Jak zauważa, konsekwentny rynkowy spadek trudno powstrzymać działaniami pozorowanymi, czego przykładem jest marka Abercrombie&Fitch. Pomysł na markę oparty na coraz bardziej bezpośrednich, niewyrafinowanych aluzjach do seksu zniechęcił dotychczasowych klientów i nie przyciągnął nowych. Problemem okazało się też zbyt widoczne logo oraz coraz mocniejsze wkraczanie w sfery obyczajowego tabu – reklamowano stringi dla 10-latek i głoszono, że ubrania marki są przeznaczone dla ludzi szczupłych i atrakcyjnych. „Firmie nie chciało się zwrócić uwagi na to, że nadchodzi młodsze pokolenie, które ma zupełnie inne wartości” – twierdzi Robin Lewis, konsultant branży modowej.

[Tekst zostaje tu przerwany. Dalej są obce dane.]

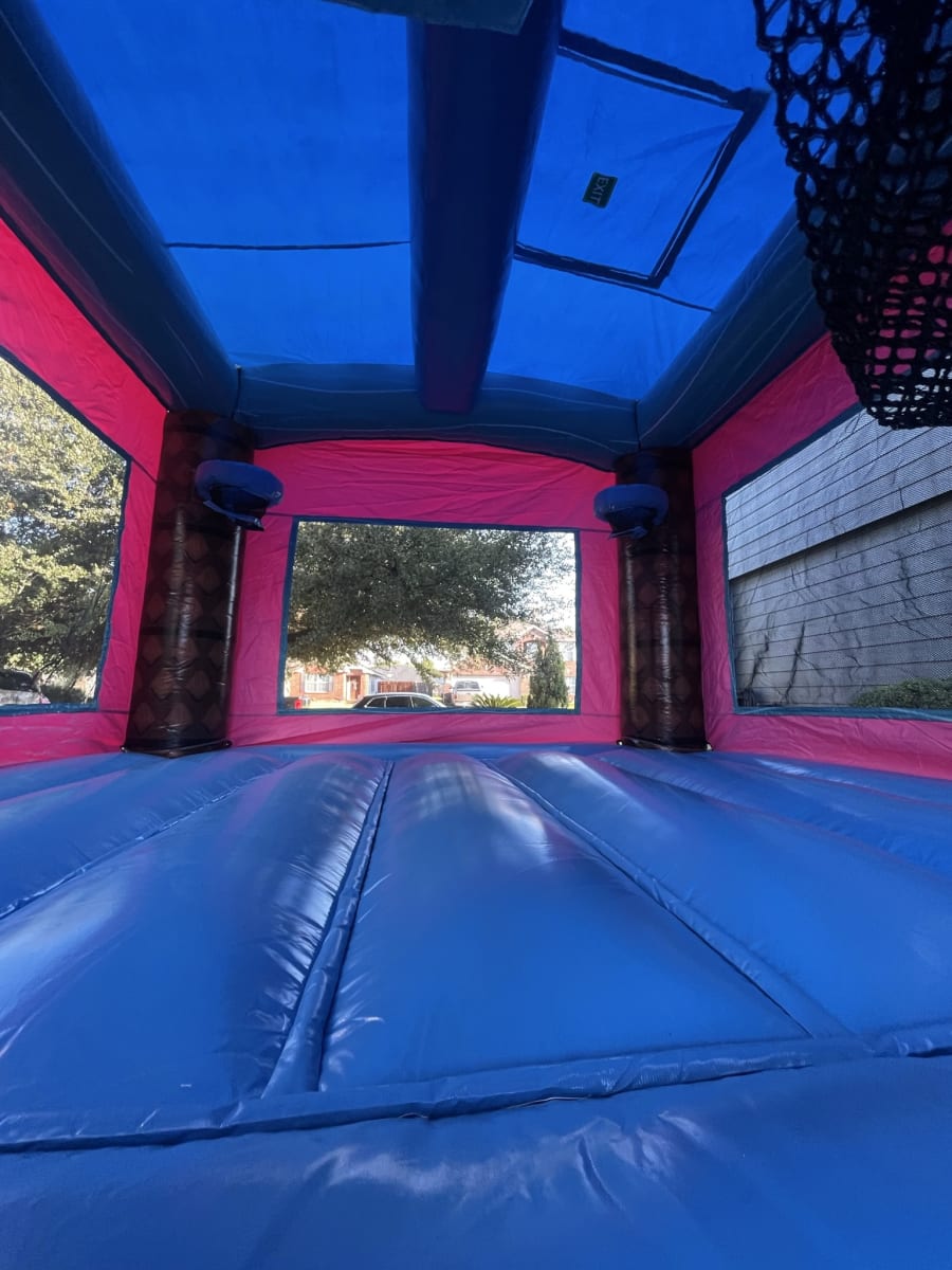 This inflatable features a bounce house with palm trees, complete with green leaves and a trunk. The bounce house provides a safe and exciting play area for children. Its the perfect solution for creating a memorable and fun experience for kids.

Co zdecydowało o porażce tych marek? Przede wszystkim kierownictwo, realizujące model sprzedażowo-wizerunkowy, który przestał się sprawdzać oraz wartości młodego pokolenia.

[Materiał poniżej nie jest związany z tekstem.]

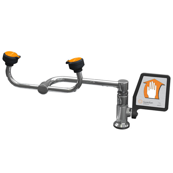 Reduce workplace injury and protect workers from irreparable harm with this Guardian Equipment G1806 deck mounted eyewash station! This useful add-on allows a standard hand sink to easily double as an emergency eyewash station. Designed for mounting on the counter to the right of your hand sink, the spray heads swivel 90 degrees from storage to operational position and are activated by the convenient flag handle.

Serwis 27/7 Wall St. publikuje zestawienie „10 amerykańskich marek, które znikną w przyszłym roku”, biorąc pod uwagę kluczowe czynniki: spadki sprzedaży i straty, możliwość skasowania marki przez właściciela, koszty, których nie pokrywa wzrost cen, przejęcia, bankructwa czy utratę większości klientów. Jedną z wymienionych firm jest Zynga, producent gry FarmVille, której sukcesu nie udało mu się powtórzyć.
Jak czytamy, Jim Collins twierdzi, że przyczyną upadku wielkich firm jest przejście od pokory do arogancji. Zauważa, że takie podejście prowadzi do „ pędu po więcej” i utraty wartości. „Zmieniła się cała struktura i obyczajowość biznesu, który ma globalne ambicje” – czytamy. (mb)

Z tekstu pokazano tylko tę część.